The videos will be written by LeZotte with input and direction from Edwards and Pizuitt. Officers from Bloomfield Township will participate as on-camera talent with the support of additional local agencies as needed.

Discussion topics for the podcast episodes under the umbrella of hiring practices, training, diversification and retention efforts include;

  1. Recruitment strategies and challenges

  2. Background check procedures

  3. Social media best practices

  4. Physical and mental fitness testing

  5. Application of new technological resources

  6. Retention tactics and strategies

  7. FTO program and attributes of a successful field-training officer

  8. Development of opportunities for promotion within the department

  9. Peer mentorship programs, benefits of mentorship programs

  10. Career advancement opportunities

  11. Performance measuring practices

  12. Implicit Bias and Cultural Diversity training

  13. Deescalation techniques

  14. Psychological impact of law enforcement

  15. Use of technology in policing

  16. Interaction between patrol and investigations

  17. Detective and investigative practices

  18. Psychological and behavioral counseling

  19. Occupational hazards and mental and emotional stressors

  20. Crisis intervention team training

  21. Legal framework and constraints on use of force

  22. Implementation and structure of mentoring programs

  23. Personal defense perception

  24. Reality-based simulation training

The marketing tool-kit will fill in some of the gaps in COPS toolkits that are currently available. These resources would include;

  • Specific low-cost equipment to use with phone-cameras to record good audio

  • Basic video production techniques for local video content

  • Step-by-step guide to mixing local video/audio with Breaking Through content

  • List of questions to ask to support each module

  • Social media calendar to follow

  • How to place ads on social media platforms

  • Tips & tricks for police-specific social media performance including hashtags

Project Reach and Impact

There are three target audiences for this project, police recruits, current officers and the public. “Professional organizations continue to report staffing challenges among agencies nationwide, identifying a multi-year crisis derived from the combined impact of increased officer departures and retirements as well a reduction of applicants.” While researchers continue to debate the impact mass media has on hindering job interest of those considering a policing career, “empirical works have found negative media involving police and police actions to have a psychosociological effects on officers, which can extend past an incident’s area of origin thanks to the prevalence of social media and rapid information sharing.” There certainly is no debating that “recruits are exposed to an increasingly negative narrative of their chosen profession compared to prior cohorts, in part due to the prevalence of information sharing on multiple media platforms,”(4) This campaign will raise moral and help educate the public about what it takes to be a police officer today while focusing on the high level of training in professional policing.

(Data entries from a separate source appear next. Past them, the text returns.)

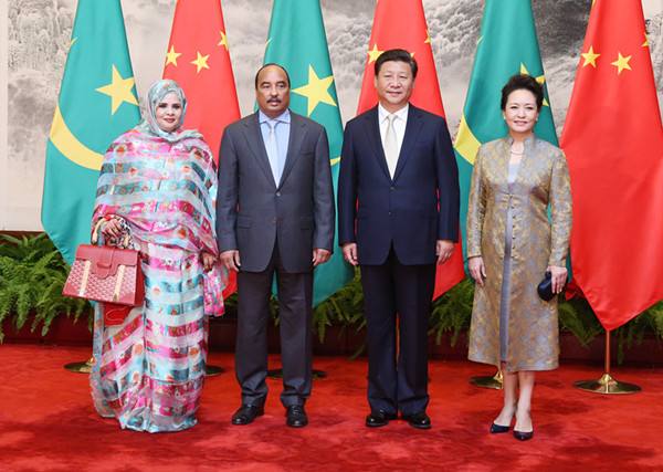 2015年9月14日,習近平舉行儀式歡迎毛里塔尼亞總統(tǒng)阿齊茲訪華。這是習近平主席和夫人彭麗媛在人民大會堂同阿齊茲總統(tǒng)夫婦合影。(新華社記者姚大偉攝)
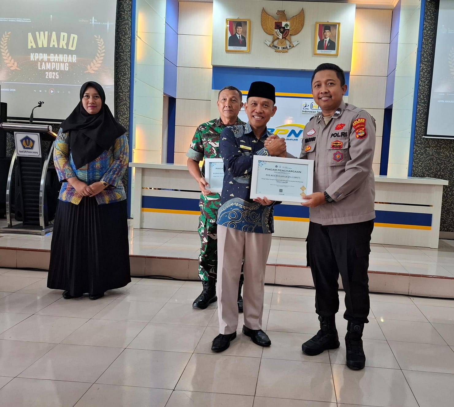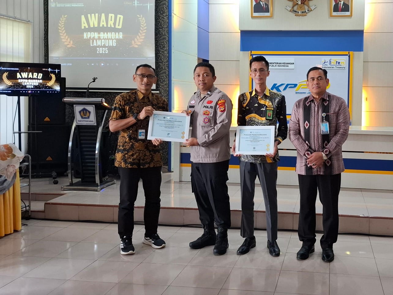 tribratanews.lampung.polri.go.id. Pesawaran, Rabu 11 Pebruari 2026 Polres Pesawaran, Polda Lampung – Kepolisian Resor (Polres) Pesawaran kembali menorehkan prestasi membanggakan di bidang tata kelola keuangan negara. Di bawah kepemimpinan AKBP Alvie Granito P., S.I.K., M.S.S., institusi ini berhasil memborong dua penghargaan sekaligus dalam ajang KPPN Award Bandar Lampung 2025 yang diselenggarakan oleh Kanwil DJPB Kemenkeu Provinsi Lampung pada Jumat pagi, 06 Februari 2026.Kegiatan yang berlangsung khidmat di Aula KPPN Kota Bandar Lampung tersebut dihadiri oleh Kasi Keu Polres Pesawaran yang hadir mewakili Kapolres Pesawaran. Penyerahan penghargaan ini merupakan bentuk apresiasi atas komitmen tinggi Polres Pesawaran dalam menjaga akuntabilitas dan transparansi penggunaan anggaran sepanjang tahun 2025.
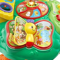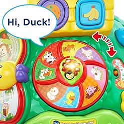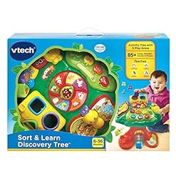 The Discovery Tree from VTech is an interactive activity center packed with age appropriate curriculum and fun play over 5 different play zones! 6 apple buttons teach colors and phonics, light-up ladybird spinning disk introduces 8 animals and insects, shape sorter teaches shapes and fruits, 4-page mini book introduces sing-along songs and cute caterpillar piano keys teach music notes and numbers. For added fun the shape sorter has three different paths for the shapes to fall down inside the tree trunk. Includes 4 sing-along songs, 15 melodies and lots of fun sound effects. Encourages language development, discovery & exploration and develops cognitive skills. Sort & Learn Discovery Tree Activity Table is for children 6 months to 3 years old; 2 AAA batteries are included for demo, use new batteries for regular use.
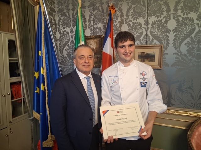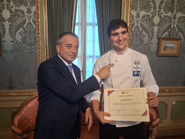 “Bravo Andrea - ha concluso il vicepresidente del Consiglio regionale Franco Graglia - sei un grande chef ed un ottimo ragazzo. La tua maturità va di pari passo con la tua professionalità e spero che la pergamena che ti ho consegnato a nome del Consiglio regionale, ti porti fortuna per volare sempre più in alto, fin dove desideri”.
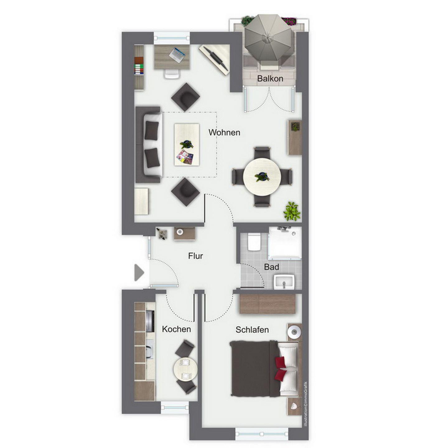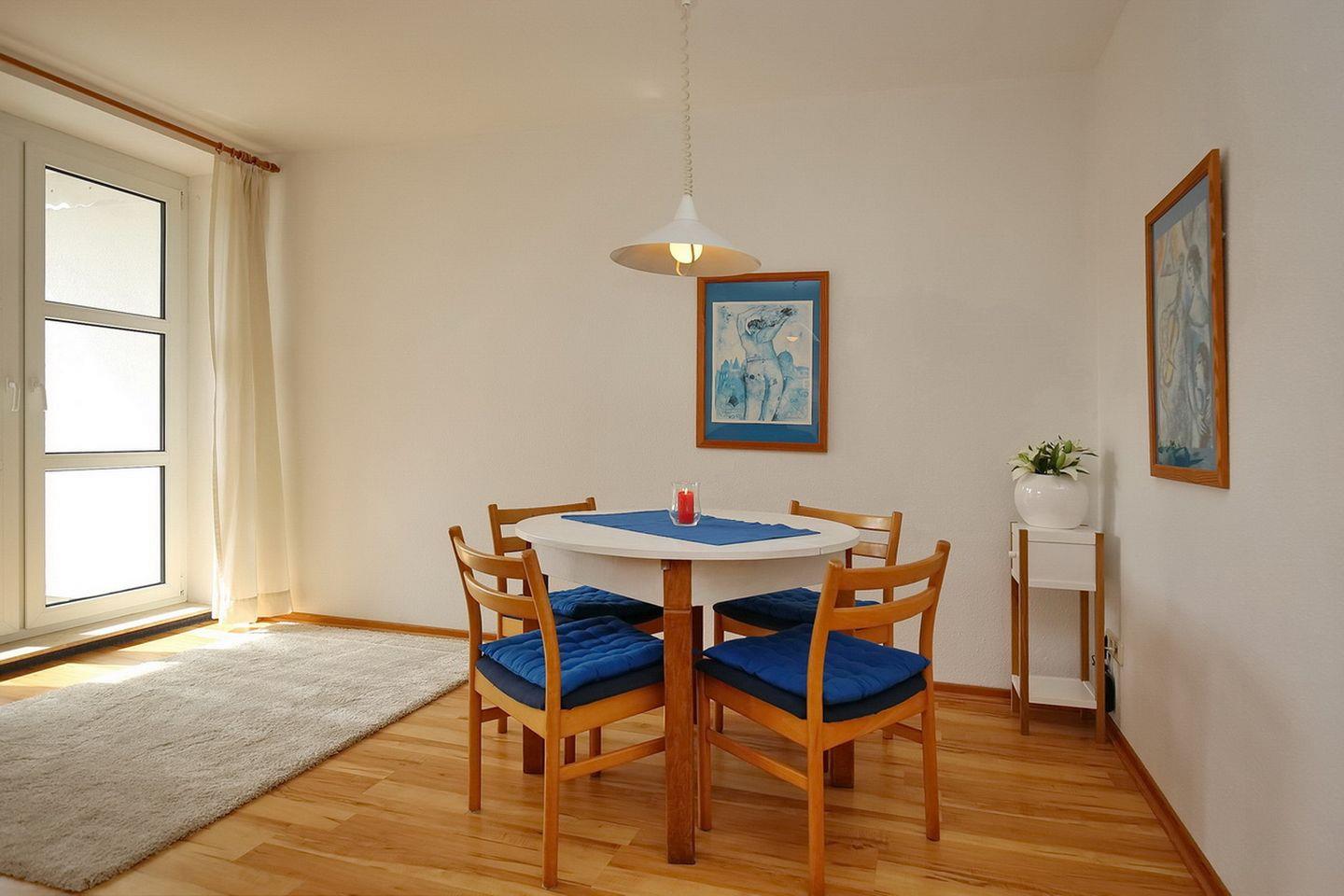 Diese 2 Zimmerwohnung liegt im 1. OG, hat eine separate voll ausgestattete Küche, in der auch eine Waschmaschine genutzt werden kann. Der zur Wohnung gehörende Balkon ist südlich ausgerichtet. WLAN (ohne Gewähr) inklusive.
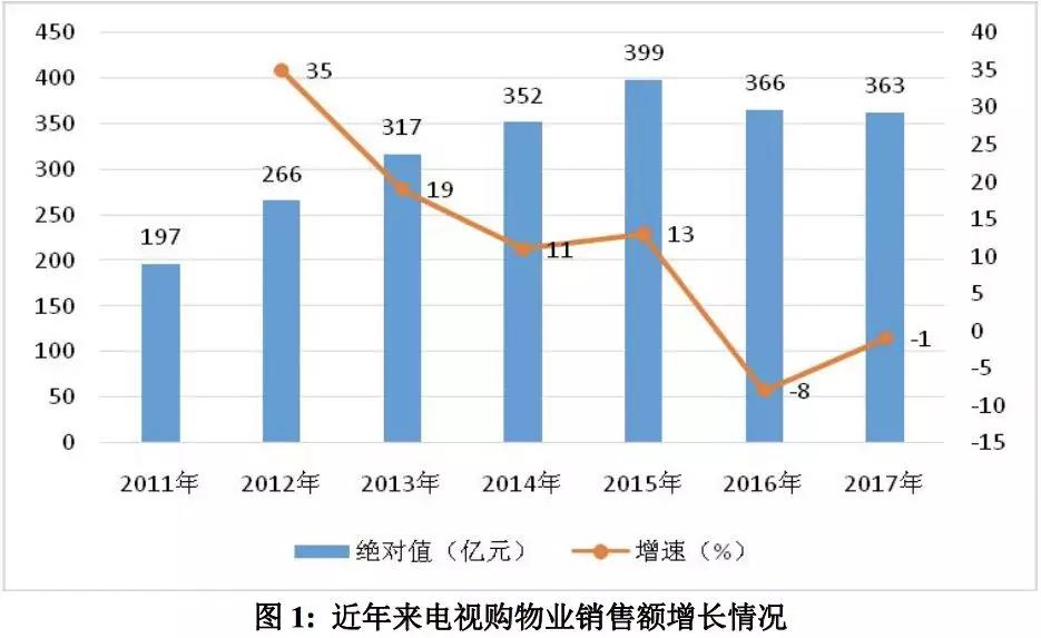 《报告》显示,2017年全国获得电视购物经营许可的34家企业实现销售额363亿元,同比小幅下降1%,降幅比上年收窄7个百分点,市场规模趋于稳定。

In 2015, The President’s Task Force on 21st Century Policing was convened to address deteriorated community trust in the police and identify best practices in policing. As one the pillars of change, the task force recognized training and education as a mechanism through which policing could move away from “warrior-style” and toward “guardian-style” policing. Specific trainings were recommended for pre-service academy-based training, including bias awareness, scenario based situational decision making, mental health issues and technology. (5) This training is needed for current officers as part of their ongoing professional development and the communities they serve need to be made aware that this work is taking place. The third pillar from the task force focused on Technology and Social Media and states “transparency and accessibility for the community through technology”(6) as one of the bullet points. The Breaking Through marketing toolkit will help address this communication need and help agencies move from recommendations to action. “The power of online connectivity simply cannot be achieved in any other environment.” (7) This project will provide the COPS community with the tactics to help tell their stories.

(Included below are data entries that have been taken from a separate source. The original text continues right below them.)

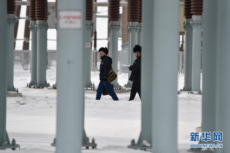 2月11日,在锡盟换流站内,工作人员在巡检设备。
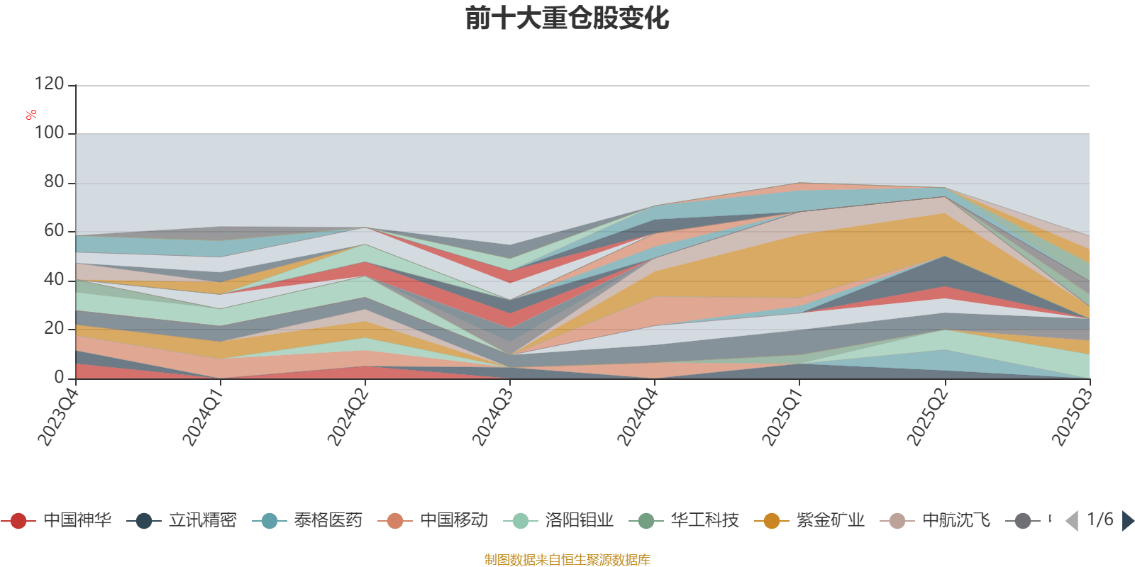 该基金持股集中度较高。截至2025年三季度末,基金十大重仓股分别是洛阳钼业、山东黄金、华友钴业、紫金矿业、兴发集团、新安股份、建设银行、中矿资源、中微公司、北方华创。
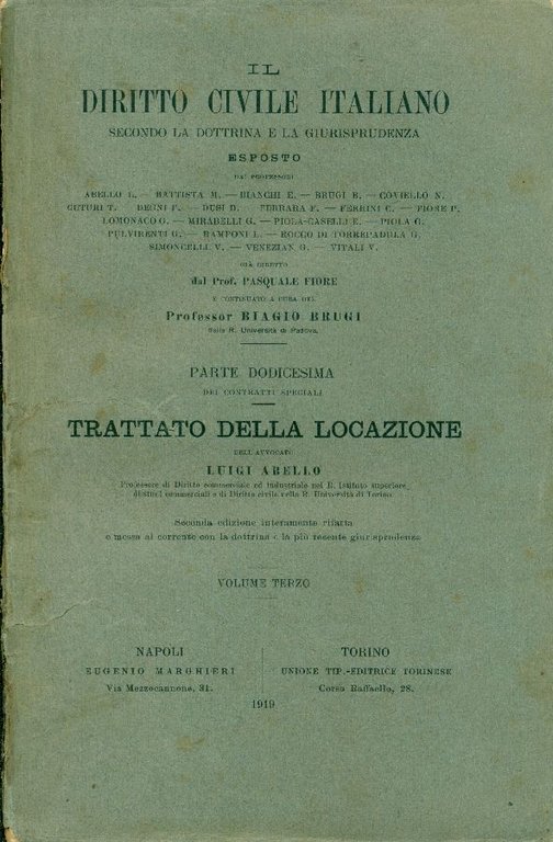 Il diritto civile italiano secondo la Dottrina e la Giurisprudenza, parte dodicesima: dei contratti speciali. | Libri antichi e moderni | ABELLO Luigi,
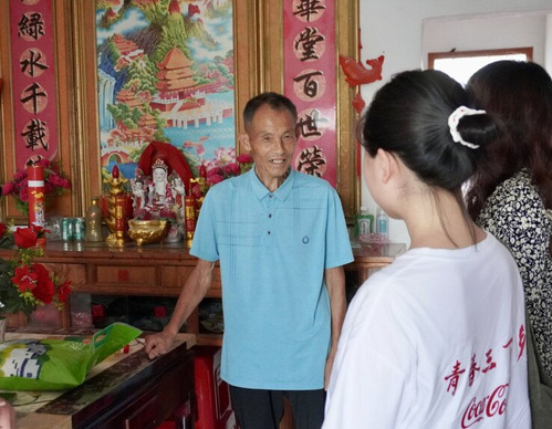 大雨之下,團(tuán)隊(duì)成員最后一同驅(qū)車(chē)前往鄰村拜訪(fǎng)最后一名老黨員徐應(yīng)宏。他同時(shí)是一名光榮的退伍軍人、為村子建設(shè)發(fā)展貢獻(xiàn)了三十年黃金歲月的村書(shū)記。團(tuán)隊(duì)成員同徐老先生進(jìn)行了熱切交流,即使老先生身體抱恙,在談及黨和人民時(shí)雙眼仍炯炯有神。他向隨行學(xué)生們表達(dá)了對(duì)黨的崇高敬意,并囑咐成員們要心懷理想,一心向黨,不負(fù)使命。預(yù)備黨員姚海峰在此行中表示,聆聽(tīng)了多位老黨員的光榮事跡和心路歷程,這更加堅(jiān)定了他不忘初心、牢記使命,為實(shí)現(xiàn)中華民族偉大復(fù)興的中國(guó)夢(mèng)而不懈奮斗的至高理想。
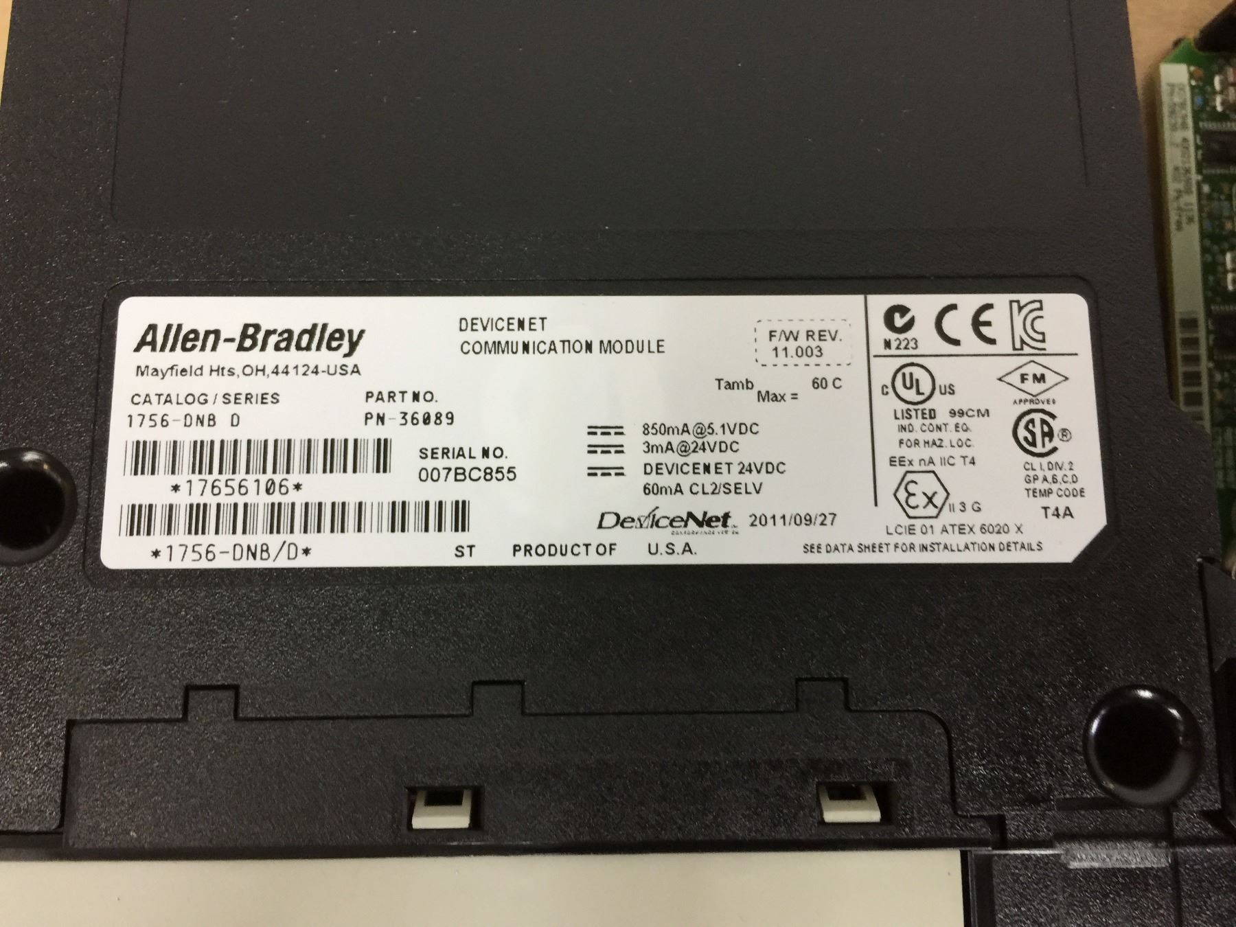 (2) Allen Bradley 1756-DNB Communication Module

According to the COPS Discovery Policy Agency search, there are 8122 police agencies with 11 – 200 officers.(8) These small and medium-sized agencies that are not likely to have internal media resources would benefit the most from the Breaking Through toolkit.

Experience and Capacity

Carrie LeZotte will serve as the project manager for this effort. As Director of Cable and Community Relations for Bloomfield Township, she oversees the production for more than 700 annual cable-access programs, and she directed the video recruiting campaign for the BTPD. Prior to working at the Township, she has produced and directed similar short-form video series work. She will rely on the police expertise of Captain Dan Edwards, a thirty-one-year department veteran who has overseen recruitment and launched training programs throughout his career, and Lt. Bryan Pizzuiti, who currently oversees all training for Bloomfield Township.

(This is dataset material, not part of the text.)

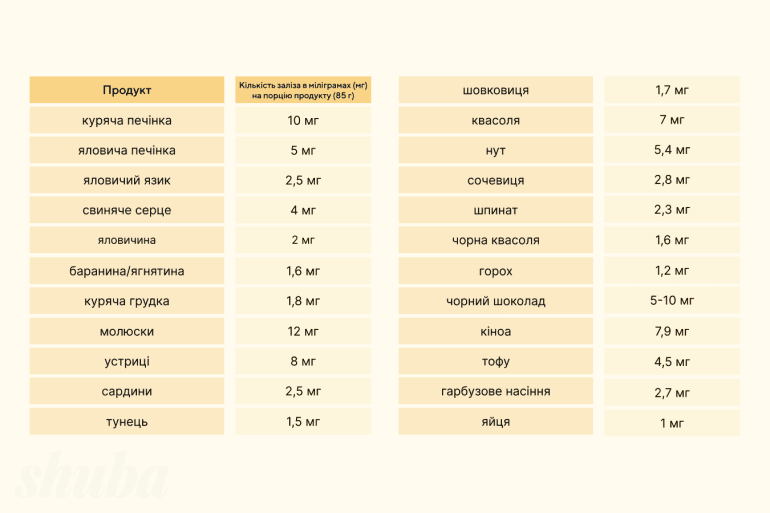 Експерти радять поєднувати декілька джерел мінералу, оскільки червоне м’ясо занадто жирне, а овочі та фрукти не забезпечують організм залізом у необхідних кількостях.
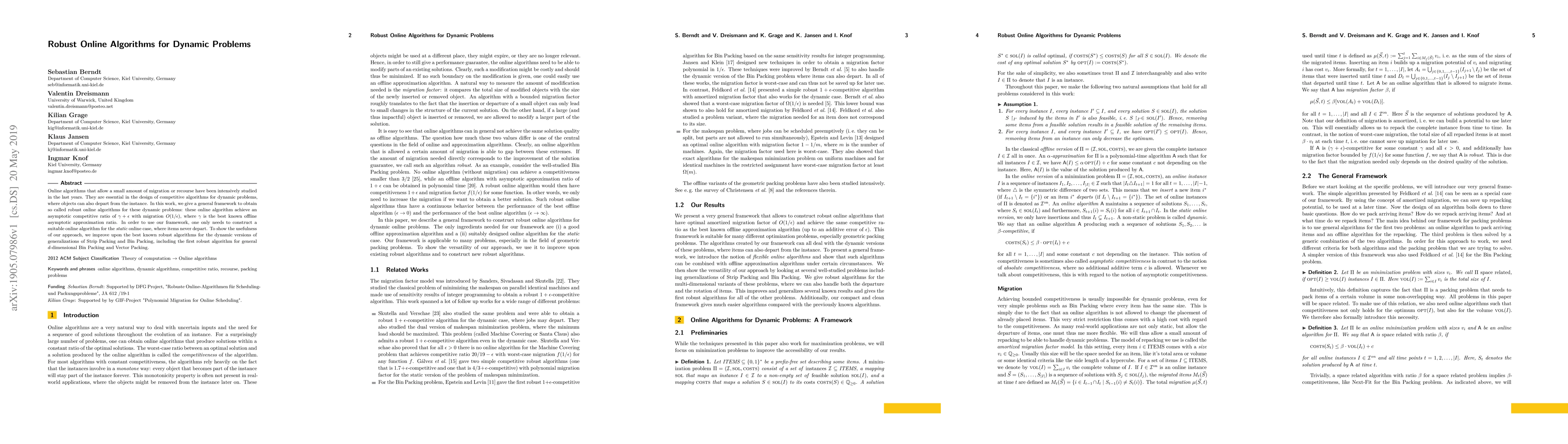 This paper presents a framework for developing robust online algorithms for dynamic problems, achieving an asymptotic competitive ratio of $\gamma+\epsilon$ with migration $O(1/\epsilon)$. The authors demonstrate its utility by improving existing robust algorithms for dynamic versions of Strip Packing and Bin Packing, including the first robust algorithm for general $d$-dimensional Bin Packing and Vector Packing.

Dan Edwards, Bloomfield Township Administrative Captain

Even with a storied career behind him, Captain Dan Edwards is constantly looking forward as he mentors fellow officers, supports leadership opportunities for the next generation, and continues to set the example for life-long learning and development. He sees every day as a new challenge to strive for better, for the department he works for and the residents he serves. Breaking Through is a unique opportunity for law enforcement, on a national scale, to benefit from his insight and guidance. As Administrative Captain for the Bloomfield Township Police Department, his duties include oversight of hiring and training and more importantly, the development of modern recruitment systems. He understands the role of diversity and representation, stating “in law enforcement, we need to be representative of our communities, because we are a part of the community, and we have to maintain that relationship.” He continued, “we need to now focus more on teaching our officers to balance officer safety with being kind and respectful in the way you treat people…you need to make sure you humanize every incident and every person that you have contact with.”(9)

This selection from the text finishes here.